Task brief:
Given the records below, the lines starting at the line with "Добавьте баранину и" and ending at the line with "Closet Aurora Niebla" should be output exactly, both end lines kept and pictures left out.
Data for the task START
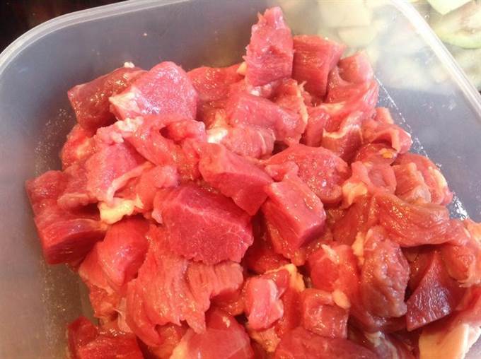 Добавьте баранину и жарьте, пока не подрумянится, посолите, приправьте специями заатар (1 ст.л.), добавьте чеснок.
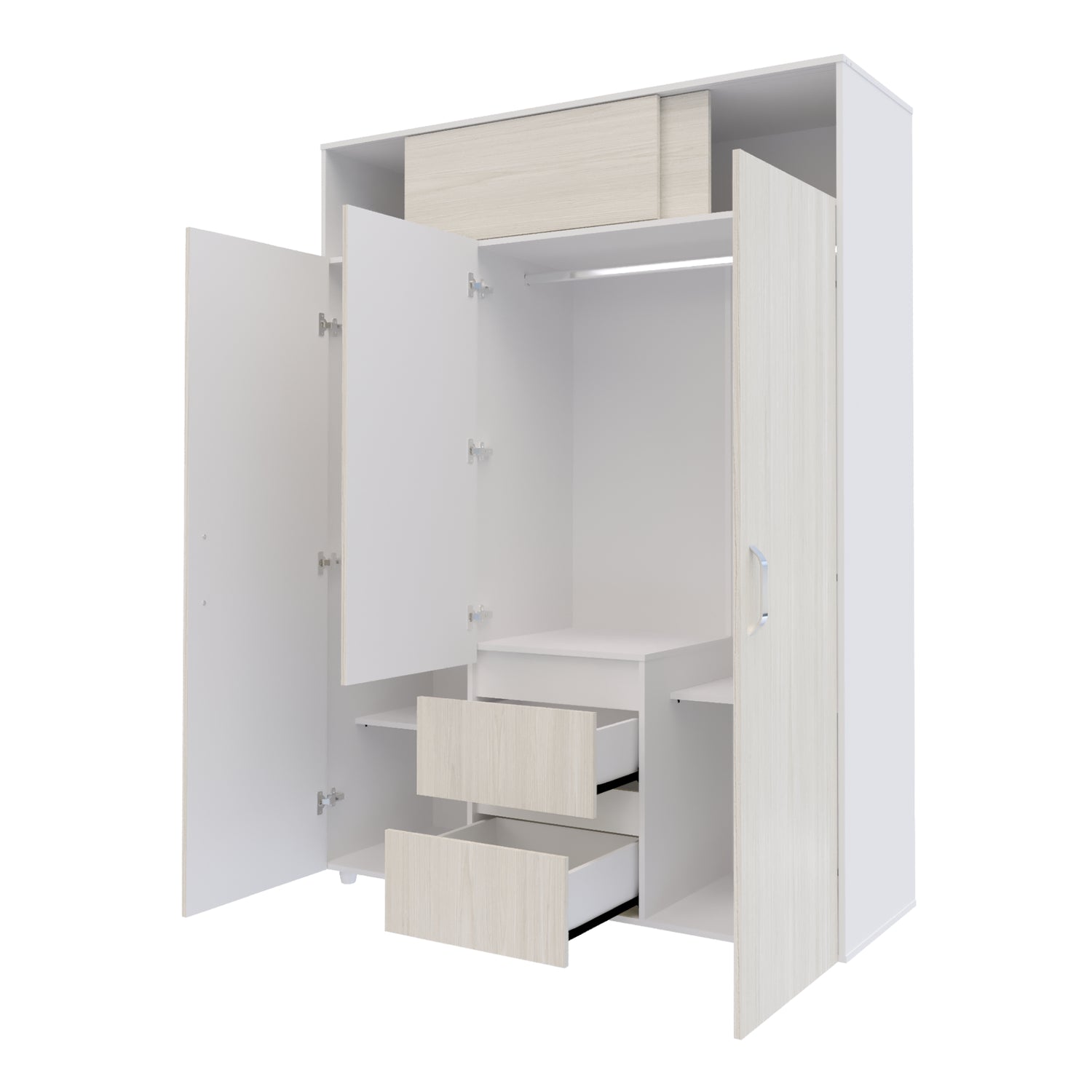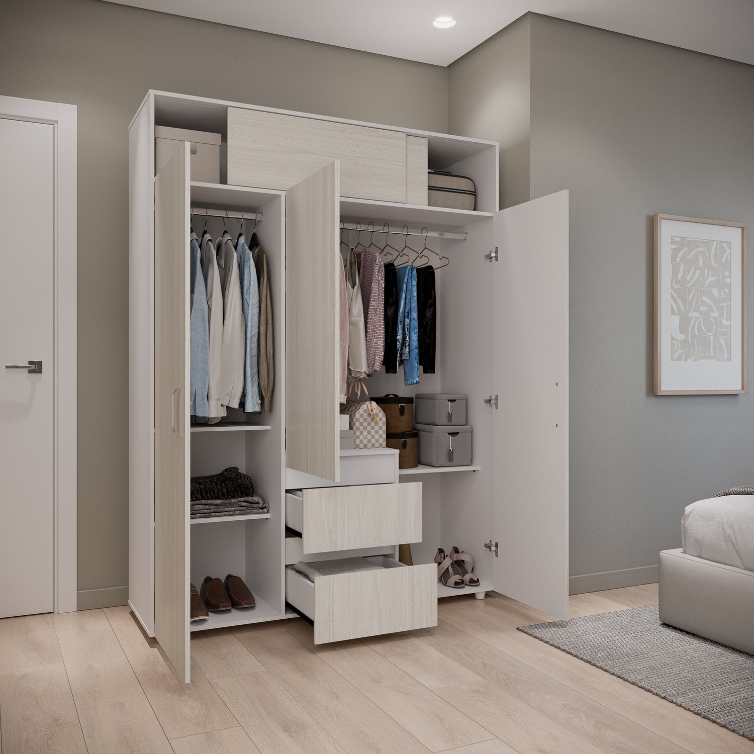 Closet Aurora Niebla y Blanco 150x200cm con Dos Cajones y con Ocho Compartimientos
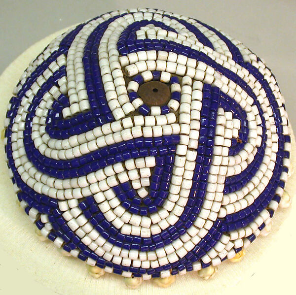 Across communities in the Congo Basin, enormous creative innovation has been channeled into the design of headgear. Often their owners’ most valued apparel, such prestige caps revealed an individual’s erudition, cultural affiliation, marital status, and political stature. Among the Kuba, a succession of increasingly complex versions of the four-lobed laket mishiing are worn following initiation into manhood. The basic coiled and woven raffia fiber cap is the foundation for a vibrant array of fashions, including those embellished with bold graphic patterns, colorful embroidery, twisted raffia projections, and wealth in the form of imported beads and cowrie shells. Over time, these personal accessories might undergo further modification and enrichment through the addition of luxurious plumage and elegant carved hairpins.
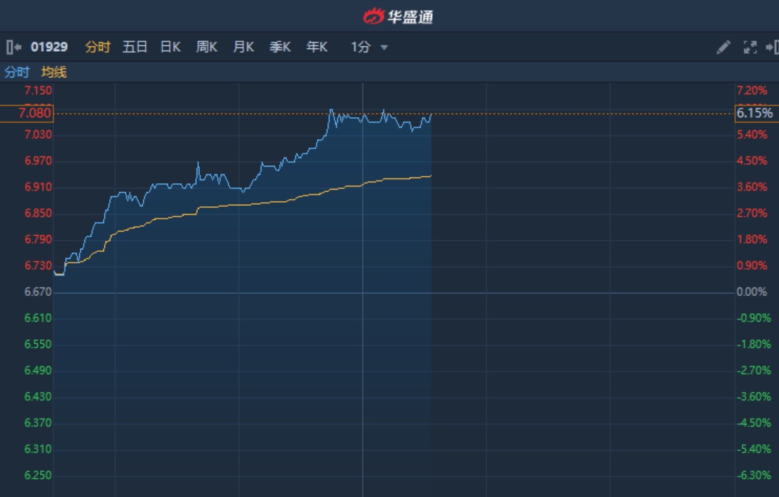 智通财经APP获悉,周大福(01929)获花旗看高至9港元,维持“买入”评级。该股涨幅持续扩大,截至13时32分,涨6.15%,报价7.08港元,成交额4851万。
Data for the task END
Data for the task START
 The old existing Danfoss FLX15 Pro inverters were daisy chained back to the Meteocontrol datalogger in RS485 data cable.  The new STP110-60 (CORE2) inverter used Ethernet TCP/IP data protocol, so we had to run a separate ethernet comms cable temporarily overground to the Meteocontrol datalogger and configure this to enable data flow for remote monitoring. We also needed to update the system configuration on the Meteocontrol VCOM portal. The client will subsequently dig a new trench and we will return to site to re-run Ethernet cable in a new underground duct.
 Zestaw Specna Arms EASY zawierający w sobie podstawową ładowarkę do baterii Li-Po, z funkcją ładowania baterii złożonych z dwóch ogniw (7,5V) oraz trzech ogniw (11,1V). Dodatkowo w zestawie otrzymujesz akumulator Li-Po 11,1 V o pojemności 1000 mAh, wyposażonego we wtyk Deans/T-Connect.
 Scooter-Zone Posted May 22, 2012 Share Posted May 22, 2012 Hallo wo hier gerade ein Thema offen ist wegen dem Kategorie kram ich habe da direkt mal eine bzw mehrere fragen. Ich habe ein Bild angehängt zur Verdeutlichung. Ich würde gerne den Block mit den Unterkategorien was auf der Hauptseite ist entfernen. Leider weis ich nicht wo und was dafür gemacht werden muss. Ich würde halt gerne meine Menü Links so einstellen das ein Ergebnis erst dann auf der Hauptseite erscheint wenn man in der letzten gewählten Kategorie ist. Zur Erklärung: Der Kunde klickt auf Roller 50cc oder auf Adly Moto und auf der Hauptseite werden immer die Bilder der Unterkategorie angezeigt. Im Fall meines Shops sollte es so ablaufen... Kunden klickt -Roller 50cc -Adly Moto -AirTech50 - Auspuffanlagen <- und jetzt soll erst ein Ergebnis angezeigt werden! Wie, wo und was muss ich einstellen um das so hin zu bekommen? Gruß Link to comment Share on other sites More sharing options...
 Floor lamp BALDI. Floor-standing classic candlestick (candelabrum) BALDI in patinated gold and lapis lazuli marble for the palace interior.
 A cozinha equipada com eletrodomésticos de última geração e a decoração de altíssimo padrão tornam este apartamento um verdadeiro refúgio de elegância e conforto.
Data for the task END
Data for the task START
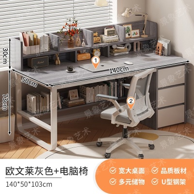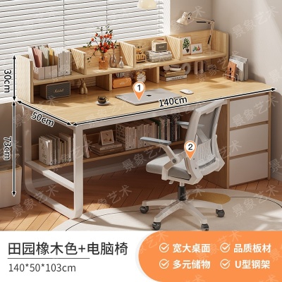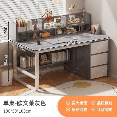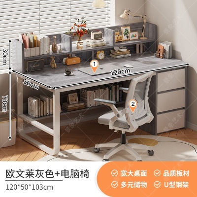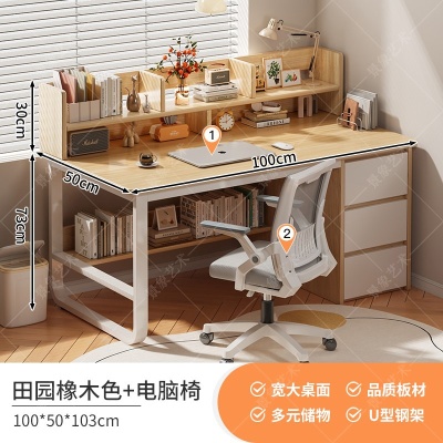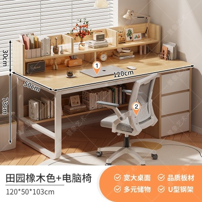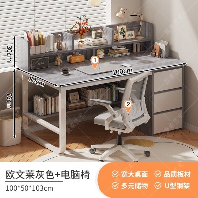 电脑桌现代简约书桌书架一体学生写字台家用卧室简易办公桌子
Data for the task END
Answer section:
 Добавьте баранину и жарьте, пока не подрумянится, посолите, приправьте специями заатар (1 ст.л.), добавьте чеснок.
 Closet Aurora Niebla y Blanco 150x200cm con Dos Cajones y con Ocho Compartimientos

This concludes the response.